In 1957, at the age of fifteen, she married Manu Parekh, an Indian artist who studied at the J J School of Art. They moved first to Ahmedabad, then Mumbai where she did a course in Montessori education. In 1964, they then moved to Kolkata where they lived to 1965 before moving to New Delhi.

Career 
Initially, Madhvi Parekh did not aspire to become an artist herself but her husband, Manu, inspired her to take up art. She started painting in the 1960s while pregnant with their first daughter, Manisha.  In 1968, Madhvi exhibited her work for the first time at the Birla Academy in Kolkata. One of her paintings was selected to be in the annual show of Lalit Kala Akademi and then purchased by the national institution helping to launch her career. In 1973 she had her first solo show at the Chemould Art Gallery, Kolkata. 

From 1987−1989, Madhvi organised and participated in the exhibition titled Through The Looking Glass with her contemporaries, the women artists Nalini Malani, Nilima Sheikh, and Arpita Singh. The exhibition, featuring works by all four artists, travelled to five non-commercial venues across India. Inspired by a meeting in 1979 with Nancy Spero, May Stevens and Ana Mendieta at the AIR Gallery in New York (the first all-female artists’ cooperative gallery in the US), Nalini Malani had planned to organize an exhibition entirely of works by women artists, which failed to materialize due to a lack of interest and support.  

In 2017 a retrospective of her work entitled The Curious Seeker was shown at DAG, Delhi. The exhibition traveled to DAG, Mubai in 2018 and DAG, New York in 2019.

Madhvi Parekh started painting by depicting memories of her childhood and fantasy. Her paintings are vivid and surreal. She started painting in traditional folk style and later gradually moved towards oil and acrylic on canvas and watercolor on paper, which allowed her the freedom to broaden her artistic imagination as well as find a language to express her views on women, children, urban and rural.
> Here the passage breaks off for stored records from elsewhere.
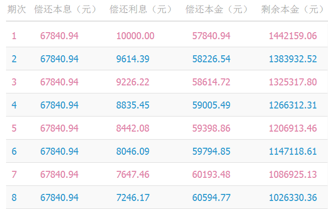 我们以一个案例来看一下。某承租企业有一项旧设备,初始购买价格是200万(不含增值税),现准备用这项设备向融资租赁公司做售后回租。融资租赁公司评估后认为该项设备可以贷款150万。因此,融资租赁公司和承租方签订一个150万的设备销售合同,同时签订一个融资租赁合同,约定利率8%,期限24个月,每期租金相等。这个实际上就是一个150万,2年期,8%年利率,等额本息的贷款。融资租赁公司每期收款明细如下:
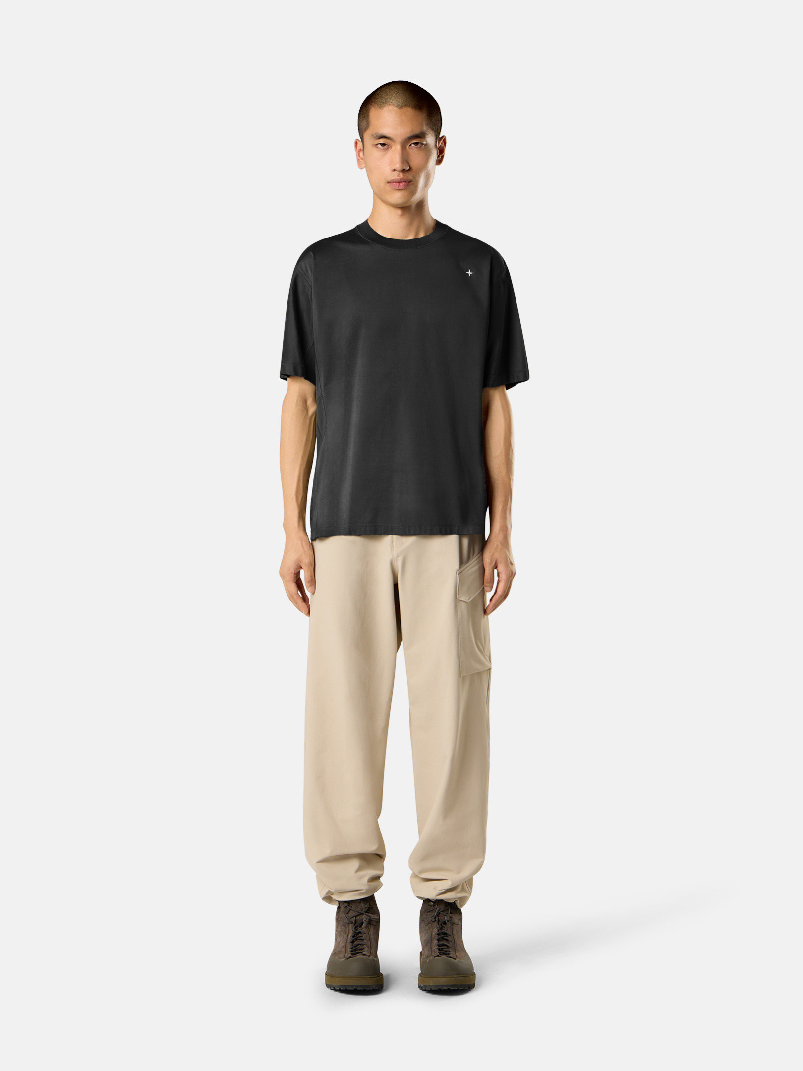 Ribbed neckline. STOthtNE ISLthtAND star embroidery on left side of chest. Overlock seams. Regular fit.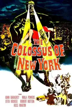 The Colossus of New York is a 1958 American science fiction film from Paramount Pictures, produced by William Alland, directed by Eugène Lourié, that stars Ross Martin, Otto Kruger, John Baragrey, Mala Powers, Robert Hutton, and Charles Herbert.[2] The screenplay was written by Thelma Schnee, the maiden name of Thelma Moss, who later became a famous parapsychologist.[3] The film's storyline is credited to Willis Goldbeck while John P. Fulton handled the special photographic effects, and Wally Westmore handled the makeup. Paramount Pictures theatrically released Colossus in June 1958 as a double feature with The Space Children.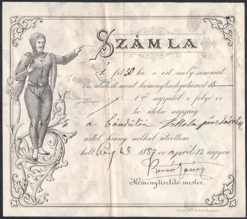 Leírás: 1887 Kéményseprő számla Cegléd Bándülő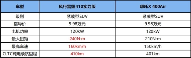 近幾年,新能源汽車市場越來越卷,價格戰(zhàn)一波未平一波又起。近日,特斯拉就宣布在全球范圍內進行大降價,部分車型價格下調達1.4萬元,這無疑又加重了市場的火藥味!不得不說,在當下競爭十分激烈的新能源市場中,只有產品力強、性價比高的車型,才能贏得消費者青睞,而在10萬級純電SUV這個細分市場里,風行雷霆410實力版和哪吒X 400Air就是兼具實力和性價比的明星車型,那么,強強相遇,誰會更強呢?我們就來比一比,看誰更能打!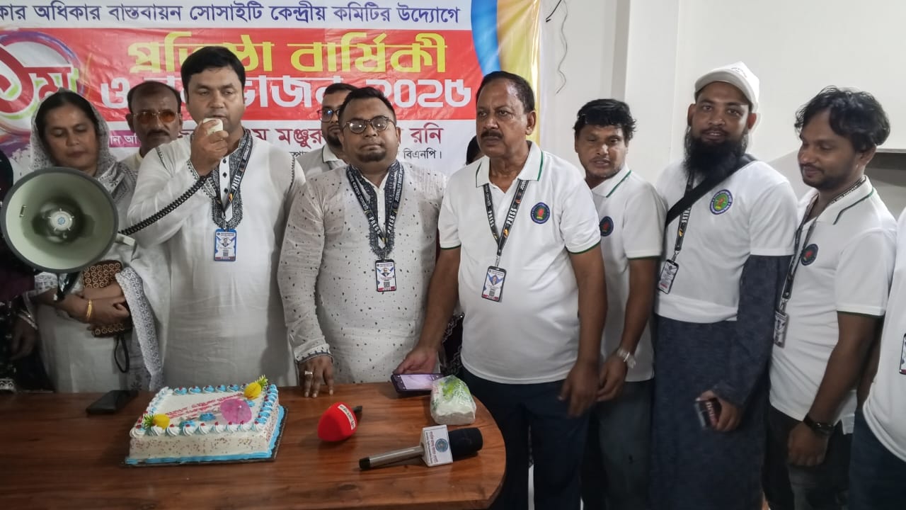 সাংবাদিক অধিকার বাস্তবায়ন সোসাইটির প্রতিষ্ঠা বার্ষিকীর কেক কাটার মধ্য দিয়ে অনুষ্ঠানের আনন্দময় সমাপ্তি ঘোষণা করা হয়।

Her daughter, Manisha Parekh is also a well noted Indian artist.

Influences 
Madhvi Parekh's early works have been inspired by narratives and folk stories from her childhood spent in a rural part of India. Traditional floor designs of Rangoli made art a part of everyday household ritual for Madhvi, and this morphed in the first introduction to early forms of painting. In the initial days of their married life, artist-husband, Manu Parekh gifted Madhvi a book called Pedagogical Sketchbook by Paul Klee, a Swiss German artist  which formed an early influence on her style. Parekh's influences also include the Italian contemporary artist Francesco Clemente.

Beginning with many solos, Madhvi participated in notable group shows such as, Play Turkey and Yugoslavia in 1985, Watercolours by Four Women Artists, Bharat Bhavan, Bhopal in 1987 and Jehangir Art Gallery, Mumbai in 1987.

References

Further reading 
 Singh, Kishore, ed. (2017). Madhvi Parekh: The Curious Seeker , New Delhi: DAG Modern. ISBN 978-93-81217-65-8.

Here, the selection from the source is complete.